Although the walking gait may look strange to anyone unfamiliar with the sport, it is an important part of what makes this sport so unique and separates it from other track-style events.

In this article, you will learn more about the unique rules of race walking, where the sport originated, and how you can become a racewalker. 

What Is Race Walking?

Race walking is more or less exactly what it sounds like – a race that has to be done in adherence to certain rules that restrict the participants’ movements to ensure they remain walking for the duration of the race.

All race walk events are 3,000–5,000 meters (1.86–3.1 miles) in indoor tournaments, while races on outdoor tracks are either 5,000, 10,000 (6.2 miles), 20,000 (12.4 miles), or 50,000 meters (31 miles).

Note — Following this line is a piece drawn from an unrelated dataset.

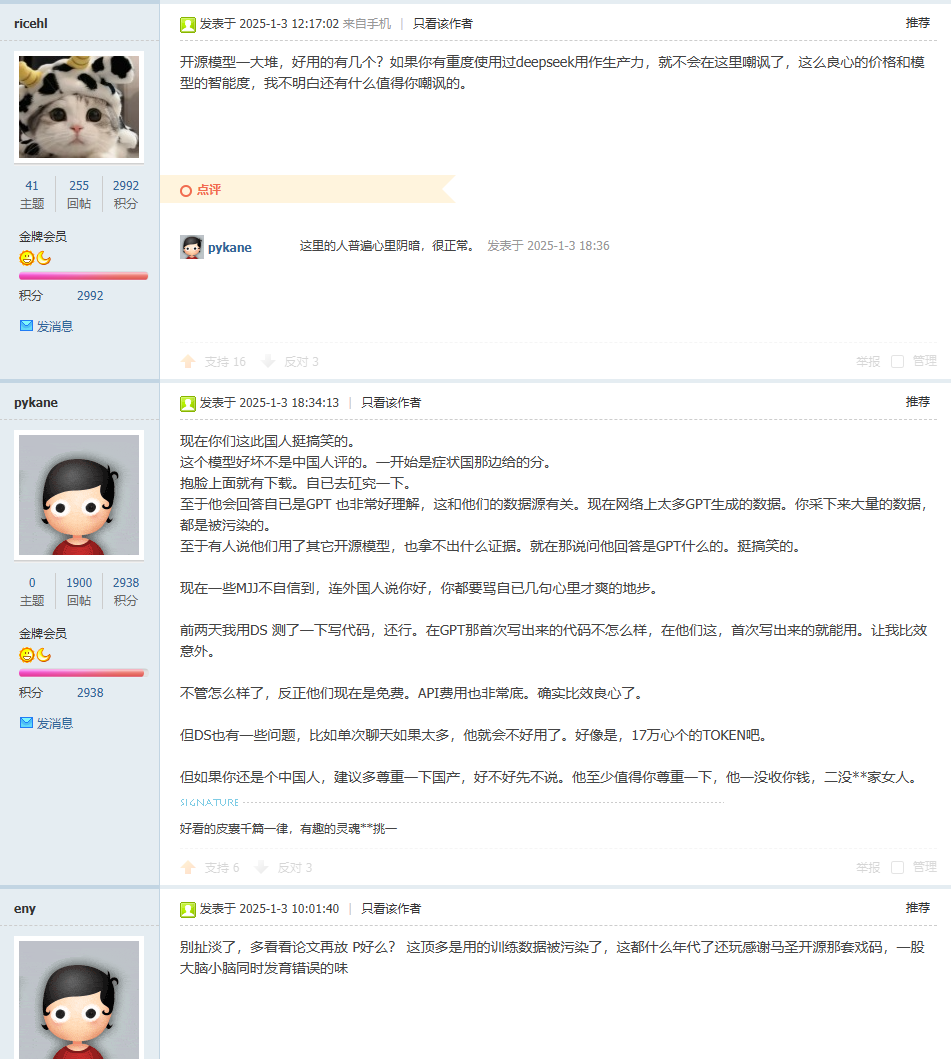 一年多前DS刚发布的时候我说DS偷,还有一堆硬洗。 唯一少说的就是不仅拿人家开源的,还蒸馏人家不开源的。 就是因为ds的这番操作,所以很多厂家大规模封禁中国来的账号,甚至用中文都要被BAN号。 被限制后几乎没什么大动作了吧?V4叫了这么久,在哪呢? 或许过阵子V4就要来了,这下要直接偷国内友商的数据了吧? 一年前那些硬洗的ZZ自己来看看。 https://lochost.232345.xyz/thread-1379678-1-1.html 一年后我再来,看看DS倒闭没有。 开源, 来了, 我说

Race walking is believed to have originated in the Victorian Era, which occurred between 1837 and 1901, though at that time, it was referred to as pedestrianism. 

It came about as a form of betting by noblemen on who of their footmen – men who walked alongside their employer’s carriage – could walk the longest without becoming fatigued. These races would often have participants walking for up to 1,000km over the course of 6 days.

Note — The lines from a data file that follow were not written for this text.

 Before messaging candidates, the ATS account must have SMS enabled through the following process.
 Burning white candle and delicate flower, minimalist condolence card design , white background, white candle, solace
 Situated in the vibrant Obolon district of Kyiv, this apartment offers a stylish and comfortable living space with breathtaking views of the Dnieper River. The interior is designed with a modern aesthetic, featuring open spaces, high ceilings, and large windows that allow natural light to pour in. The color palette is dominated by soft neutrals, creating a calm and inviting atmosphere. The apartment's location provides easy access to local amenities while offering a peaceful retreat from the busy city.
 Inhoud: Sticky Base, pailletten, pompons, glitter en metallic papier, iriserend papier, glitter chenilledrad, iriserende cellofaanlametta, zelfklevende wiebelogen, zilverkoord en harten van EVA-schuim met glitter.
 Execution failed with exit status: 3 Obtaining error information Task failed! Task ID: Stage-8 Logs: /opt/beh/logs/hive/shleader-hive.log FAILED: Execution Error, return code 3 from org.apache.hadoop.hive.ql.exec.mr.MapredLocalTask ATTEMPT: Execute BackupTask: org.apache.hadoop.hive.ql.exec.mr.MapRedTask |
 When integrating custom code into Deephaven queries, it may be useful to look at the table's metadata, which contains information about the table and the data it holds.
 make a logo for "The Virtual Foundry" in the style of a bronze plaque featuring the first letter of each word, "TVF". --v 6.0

The sport made its debut in the Olympics in 1904 as part of a decathlon-style event and was eventually recognized as a sole event in 1908. 84 years later, in 1992, participating in race walking events at the Olympic games was also made available to women. 

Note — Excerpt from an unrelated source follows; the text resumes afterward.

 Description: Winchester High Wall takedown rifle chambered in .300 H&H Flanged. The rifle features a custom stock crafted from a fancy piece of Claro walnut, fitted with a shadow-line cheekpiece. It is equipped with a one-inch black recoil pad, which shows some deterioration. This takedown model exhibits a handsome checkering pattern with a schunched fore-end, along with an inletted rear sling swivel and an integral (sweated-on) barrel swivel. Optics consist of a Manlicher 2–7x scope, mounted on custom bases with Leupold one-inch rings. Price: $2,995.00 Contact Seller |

What Are the Rules of Race Walking?

Race walking differs from other track-style running events because of the rules that restrict the body’s full range of movement through the legs.

At all race walking events, judges use nothing other than their human eye to ensure that the participants follow two strict rules that result in penalties when broken.

One of these rules is that all walkers must keep at least one foot on the ground at all times. The other requires that the front leg of all race walkers must remain straightened from the time it reaches the ground until the leg passes all the way underneath the body.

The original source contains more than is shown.